In the news

Wednesday, April 2, 2014

President Barack Obama signed into law legislation to give doctors temporary relief from a flawed Medicare payment formula that threatened them with a 24 percent cut in their fees.

Kwasi Enin, 17, of Shirley, N.Y., who scored 2,250 out of 2,400 on the SAT, applied to and was accepted at all eight Ivy League schools and is waiting to see what kind of financial aid he is offered before deciding among Brown, Columbia, Cornell, Dartmouth, Harvard, Princeton, Yale and the University of Pennsylvania.

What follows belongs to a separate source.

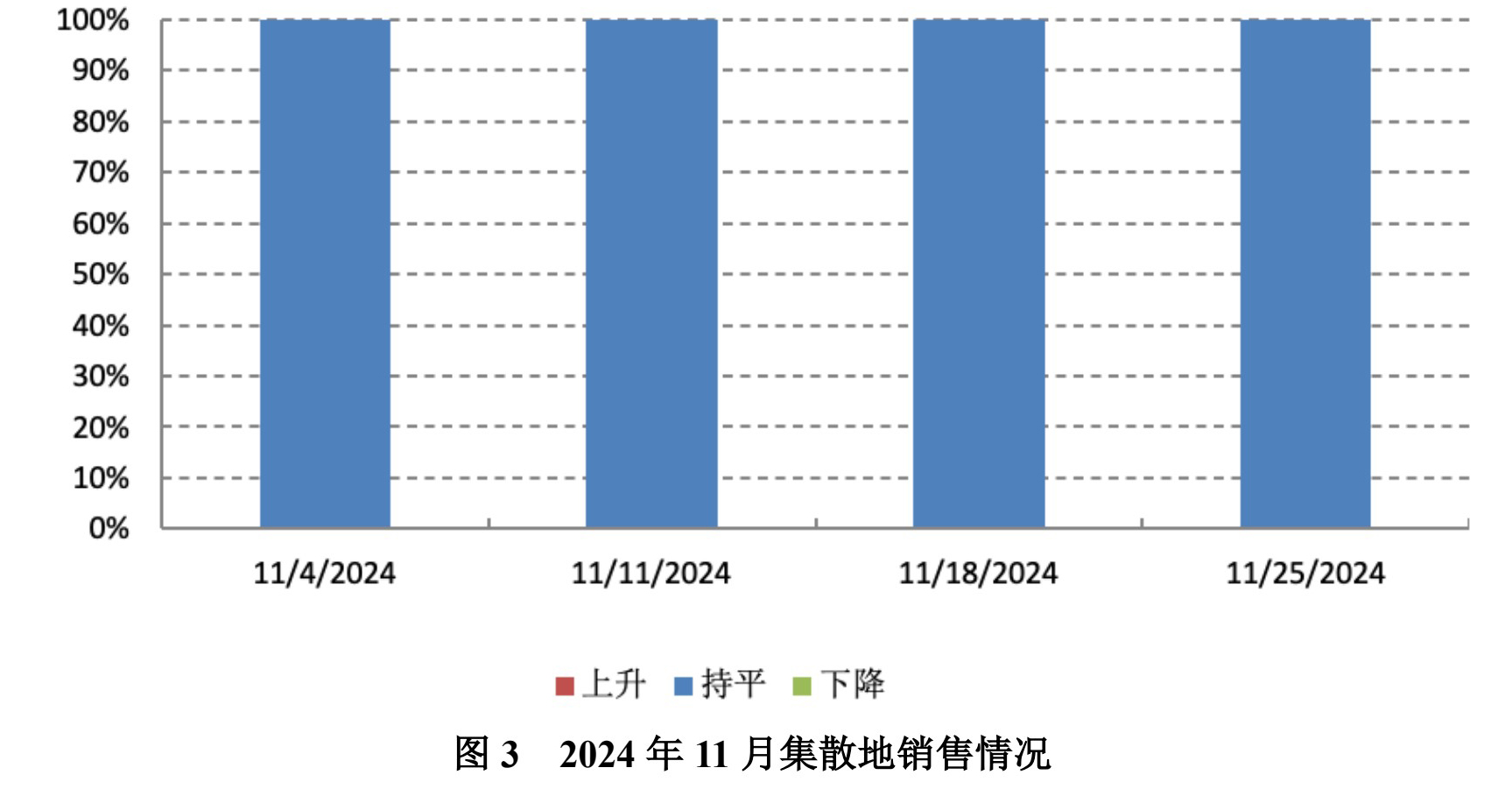 2. 通過對中間環(huán)節(jié)集散地的銷售情況進(jìn)行監(jiān)測發(fā)現(xiàn),與 2024年10月份相比,11月各周的銷售情況均與上月持平,兔產(chǎn)品市場總體保持平穩(wěn)。

C-Murder, 43, the rapper whose real name is Corey Miller and who is nearly five years into a life sentence for killing a teenager at a Harvey, La., nightclub, is challenging his conviction, citing irregularities during the jury’s deliberations.

Usah Zachau, a spokesman for the Safia association, a German group primarily for elderly lesbians, said a 4,300-square-foot area of the Lutheran Georgen Parochial cemetery, established in 1814 in central Berlin, will be reserved for up to 80 lesbians.

Elbert Guillory, a Republican Louisiana state senator, came out in opposition to a bill that would close loopholes in a state cockfighting ban, saying the bill threatens the legitimate, less bloody sport of “chicken boxing.”

James Valentine, 21, is recovering after the tree trimmer was rushed to a Pittsburgh hospital with a chain-saw blade embedded in his neck, with doctors saying the saw missed major arteries.

James Paul Harris, 29, pleaded innocent in Kansas to premeditated first-degree murder, accused of garroting 49-year-old James Gerety of Topeka in 2011 and keeping Gerety’s head for some religious reason.

Fred Allen Thomas III, 36, a convicted sex offender caught umpiring a girls softball league, is free on $30,000 bond, said officials in Jefferson County, Ala.

Phil Bryant, the Republican governor of Mississippi, said he looks forward to signing a bill that would ban abortion at 20 weeks, the midpoint of a full-term pregnancy.

Eric Holder, the attorney general, congratulated the trial team that successfully prosecuted al-Qaida spokesman Sulaiman Abu Ghaith in New York, but said that outcome won’t lead to a new effort to send Khalid Shaikh Mohammed, the self-professed mastermind of the Sept. 11 attacks, to New York for trial.